Su dimension historica ha sido borrada o desdibujada por los delincuentes de siempre.
17 Octubre, 2004 at 1:42 am
Te leí este post el mismo día que lo publicaste. Despúes supe del bochornoso espectáculo entorno a su “homenaje”. Como siempre: “Companys es mío”, “No, es mío”, “No, no, no es vuestro, es nuestro”.

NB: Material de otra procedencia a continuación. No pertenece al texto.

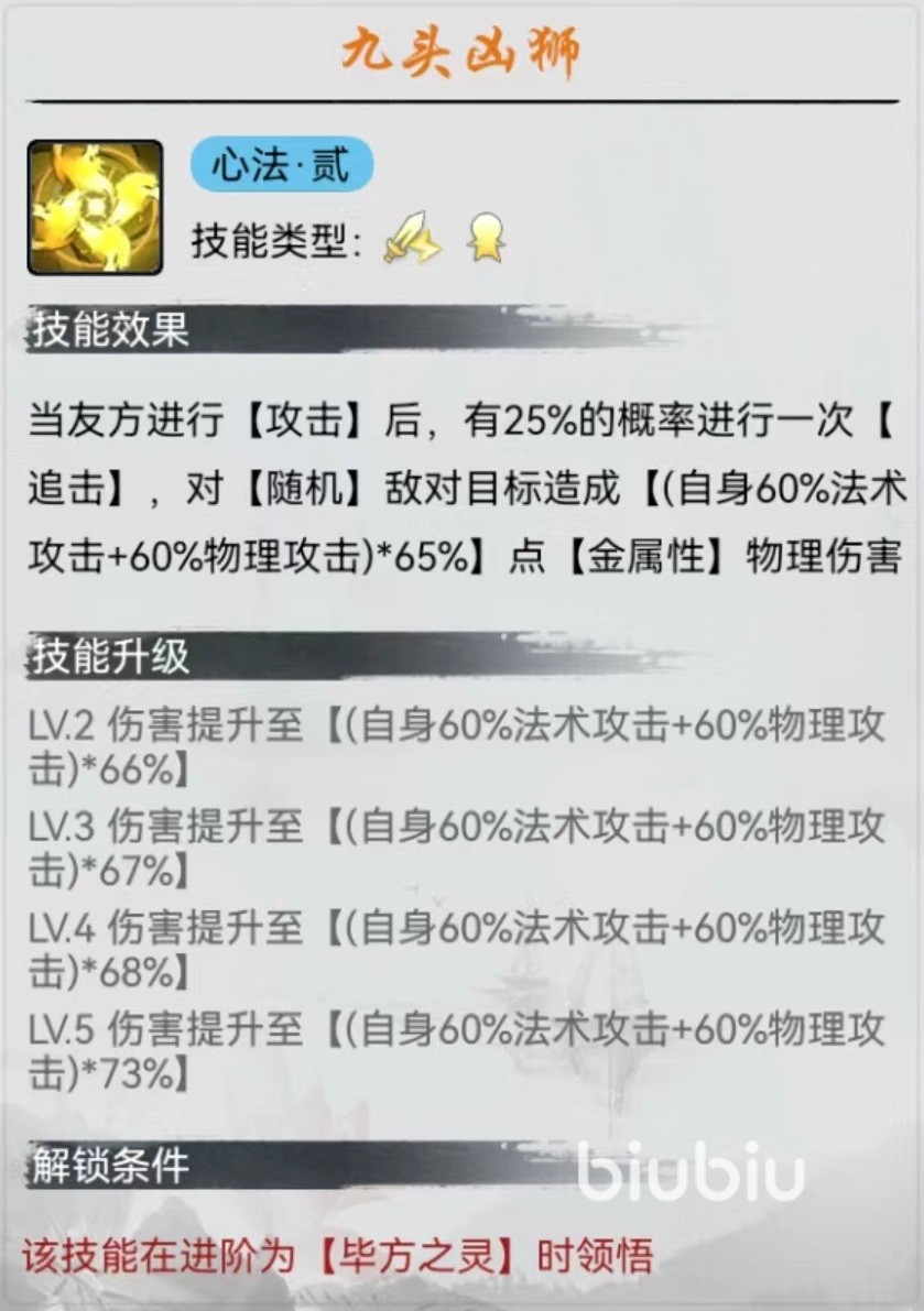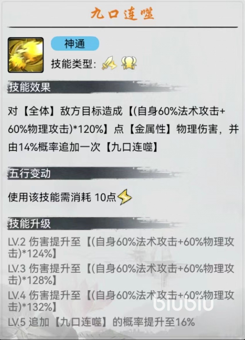 神通招式九口连噬,对敌方全体目标造成一次输出,计算模式和普攻招式相同,并且在使用此技能之后还有几率再追加一次,如果运气够好,连续两个神通将会对敌方带来毁灭性的打击,体压血能力非常强悍。虽然技能消耗的能量多一些,但是可以通过其他途径弥补。当技能升到顶级时追加几率甚至可以达到20%,已经是非常可观的效果。在心法血口吞天加持下,自身暴击提升,另一个心法九头凶狮,在友方其他单位输出之后,九灵元圣有机会附加一次追击效果,伤害目标随机选择。很多时候往往整场都能看见九灵元圣在输出,存在感非常强。
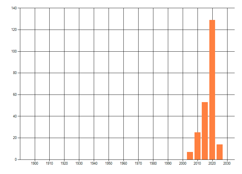 Het aantal atlasblokken (5x5 km) waarin de soort is gemeld binnen een periode van vijf jaar (vanaf 1980) of twintig jaar. Niet gecorrigeerd voor waarnemersinspanning en het aantal doorgegeven waarnemingen kan sterk variëren per periode, dus een trend in verspreiding kan hier niet direct uit worden afgelezen. Het opgegeven jaartal is het eerste jaar van de periode. Bron: gevalideerde waarnemingen uit de NDFF.
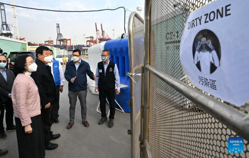 HONG KONG, March 5 (Xinhua) -- A team of mainland health experts led by Liang Wannian, head of the COVID-19 response expert panel under China's National Health Commission, on Saturday visited Hong Kong's anti-epidemic facilities in communities to learn about local testing, isolation, and treatment.
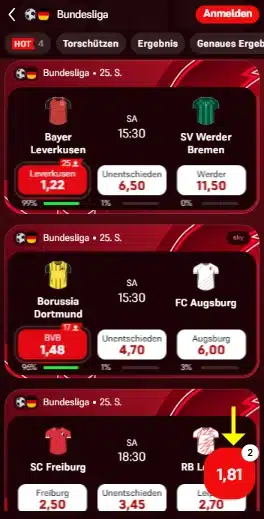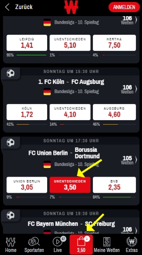 - Quote aussuchen und Wettschein im Footer öffnen.
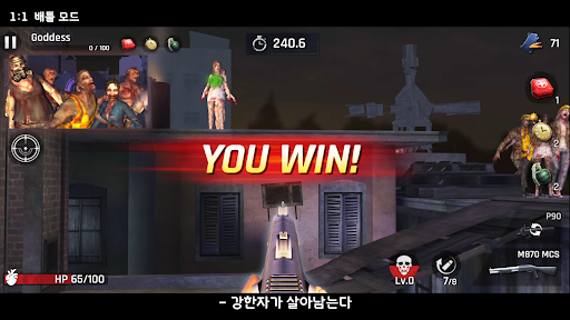 훌륭한 타격감을 경험 하실 수 있습니다. 지금 바로 좀비와의 전투에 대비하세요! 또한 좀비 PVP 모드를 통해 유저끼리의 대결을 해보세요

Mis estudios son de historia, pero tengo una ambivalencia respecto a ella. A menudo no se la utiliza para conocer una verdad, sino para falsearla o inventarla. Contra esto siempre me mantengo en guardia. Companys fue hombre de su tiempo. Entendió la historia y la vida según los parámetros de esa vida y ese tiempo. Por eso destaco el último párrafo de lo que has publicado. Es una figura a la que le tengo cariño. Recuerdo la imagen suya, cuando estaba ya en prisión…
Por eso me gustaría que a personas como él se las dejase descansar, si no es es capaz de tratarlos con dignidad y respeto. No merecen espectáculos ridículos.
Besos con sal, Mad.
17 Octubre, 2004 at 11:59 am
submarino, era mi obligación recordarlo, qué menos
………
nemomemini,
NO estoy de acuerdo. Aún a riesgo que se den determinados espectáculos, Companys era un personaje público, era el President de la Generalitat, y lo asesinaron sólo por eso.
Es necesario que se sepa, que se rehabilite, que se reescriba esa página porque Companys es mío, nuestro, pero también -no lo olvides- tuyo y vuestro, con independencia de cualquier filia. Y si aquellos cabrones sólo lograron matar al hombre, éstos no lograrán matar al mito.
Ahora sí, ahora puede descansar en paz porque ya es verdaderamente de todos.
Muchos besos
17 Octubre, 2004 at 3:02 pm
Perdóname, querida Mad, pero SI estamos de acuerdo, sólo me abochornan determinados espectáculos. Companys también es mío
Muchos besos.
17 Octubre, 2004 at 5:21 pm
No hay nada que perdonar, nemomemini, faltaría más. A mí también me abochornan, pero esta liturgia era necesaria, sólo eso.